Once again, former President Obama is taking executive order to another level. Chicago’s favored son is rankling many of its citizens over plans for his presidential library. Which, according to Philip H. Devoe, in NRO, is not being called a library, but rather a center.
It seems Obama is once again taking executive power for granted: His library will neither contain his presidential documents, which have all been digitized, nor be administered by the National Archives and Records Administration — the two elements required of a presidential library. In fact, the Obama Foundation has named it the Obama Presidential “Center,” and the only books it might contain are would come from the Chicago Public Library.
In its initial bid for the right to host the library, put forth on behalf of the city, the University of Chicago offered large tracts of idyllic land in Washington Park and Jackson Park as two potential sites. Almost immediately, the people of those parks’ districts began scratching their heads. “Why not build it in one of the many blighted areas?” they asked. “Why are you taking a huge chunk of our parks?” Obama’s response was essentially an ultimatum: If the library couldn’t be built in a Chicago park, he’d take it to Honolulu or New York City.

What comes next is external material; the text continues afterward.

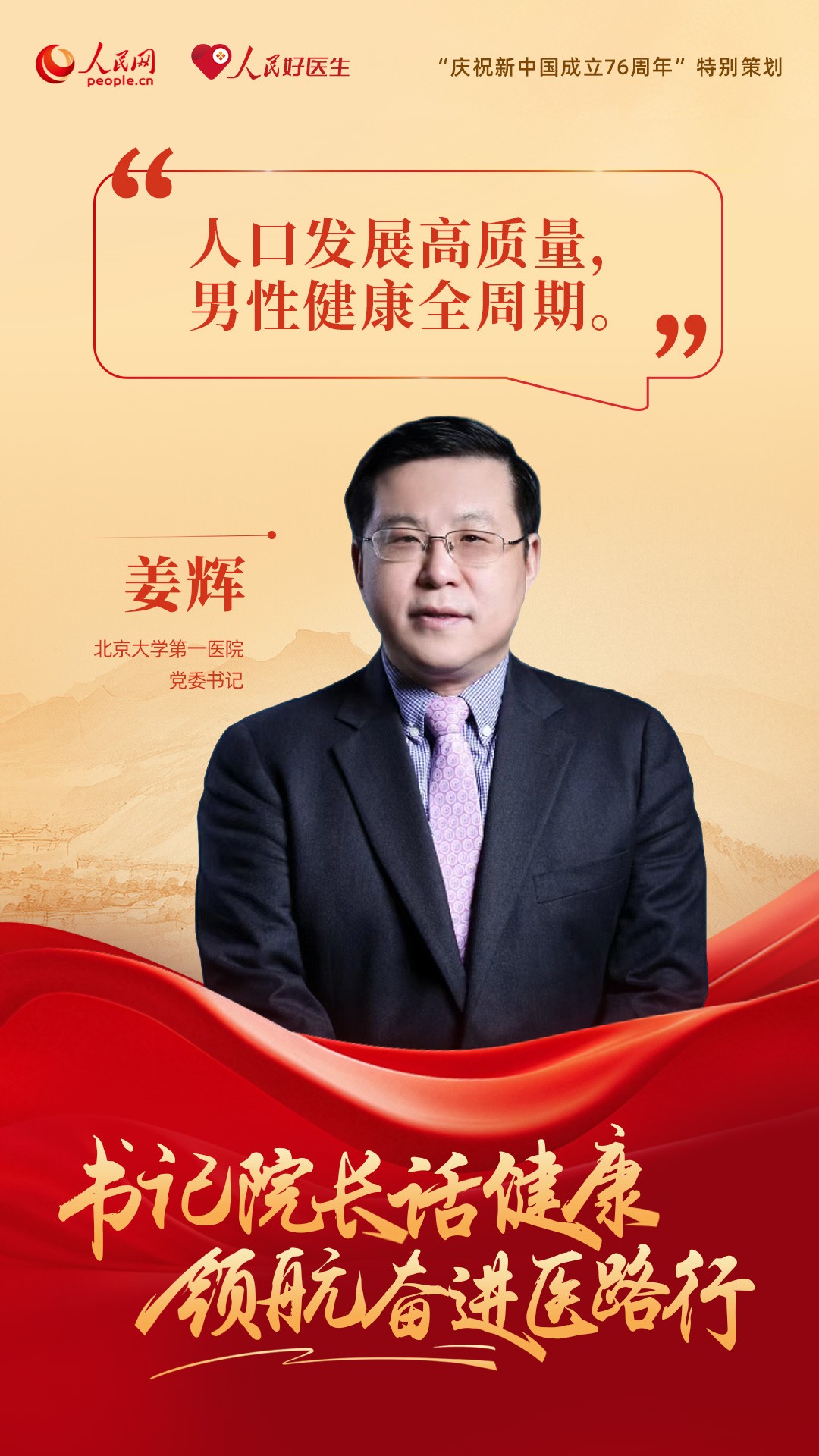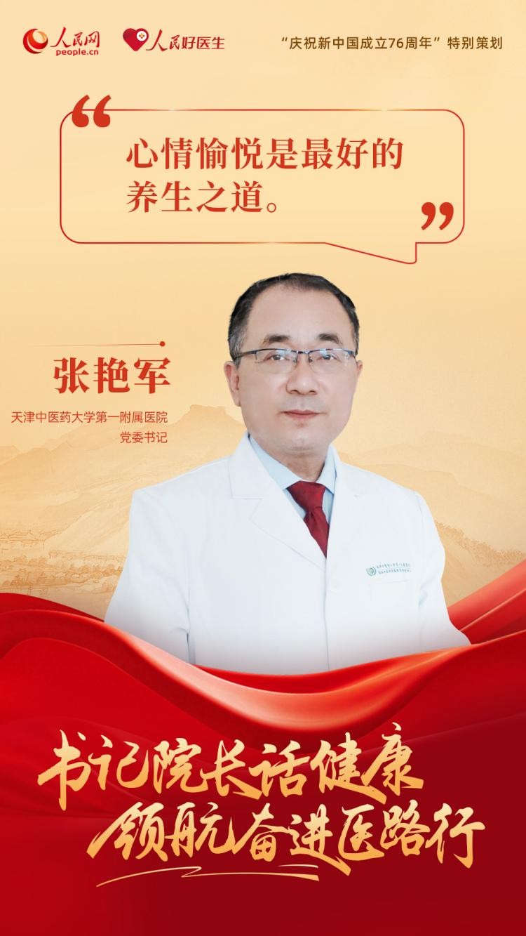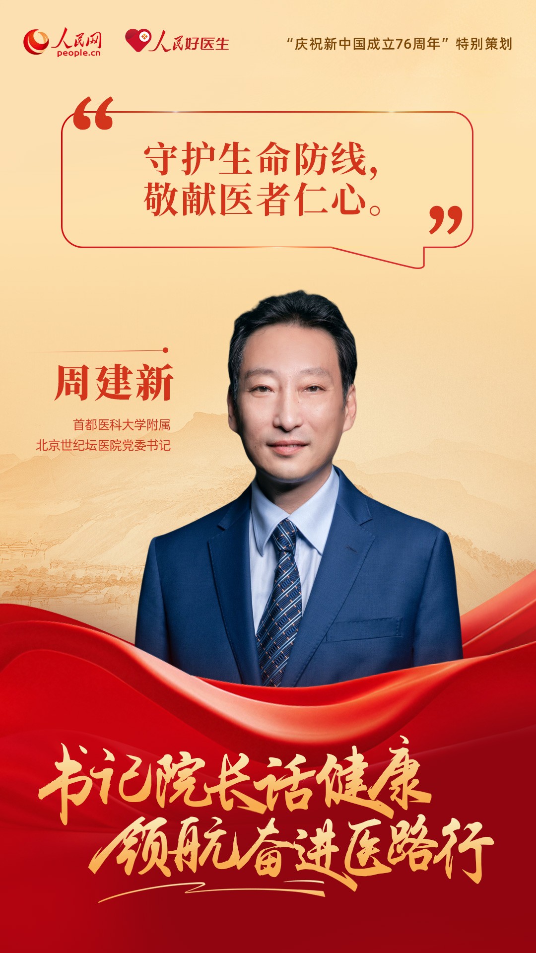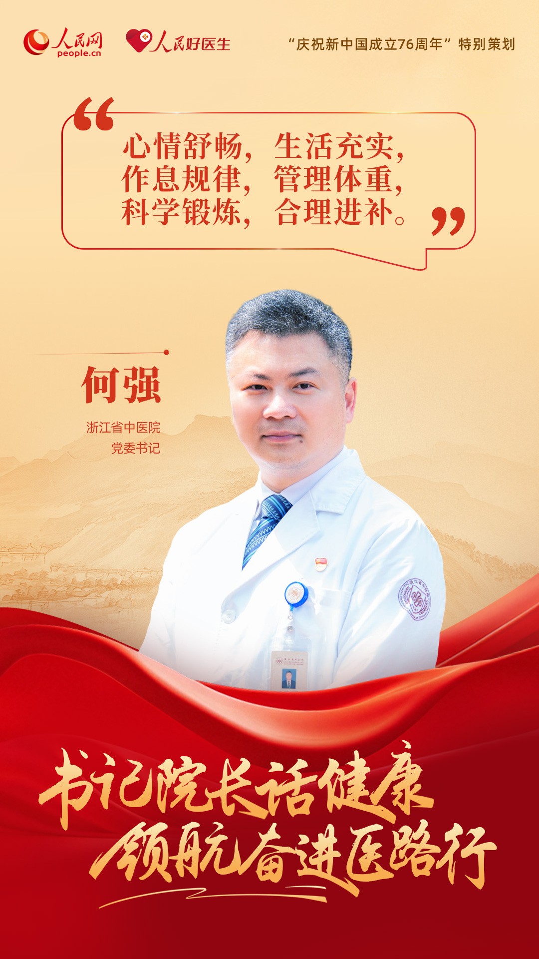 编者按:为了庆祝新中国成立76周年,人民网、人民好医生客户端特别推出“书记院长话健康 领航奋进医路行”策划,邀请19位全国公立三甲医院党委书记与院长分享“医路”前行中的医者初心与健康心得。
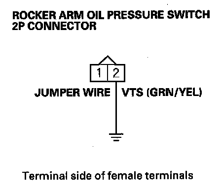 11. Connect rocker arm oil control solenoid 2P connector terminal No. 2 to body ground with a jumper wire.

Last spring, unhappy Chicagoans asked the Obama Foundation (the group overseeing the library’s construction) to sign a community benefit agreement, in which the CBA would commit the Foundation to set aside jobs for residents around the library, protect low-income housing, support black-owned businesses, and strengthen neighborhood schools. Guess what? Not only did the Foundation refuse, but also Mr. Obama, when asked by a resident to sign the agreement at a public meeting about the library, refused.
The Obama Foundation’s website boasts that center will include a community garden, a “test kitchen,” and a recording studio where visitors will be able to “create their own songs, speeches, short films, and interviews.”
But neighborhood residents have said countless times that they don’t want any of that. They want their public park, their low-cost housing, and their culture. They want their elected officials to listen when they bang their fists on the table.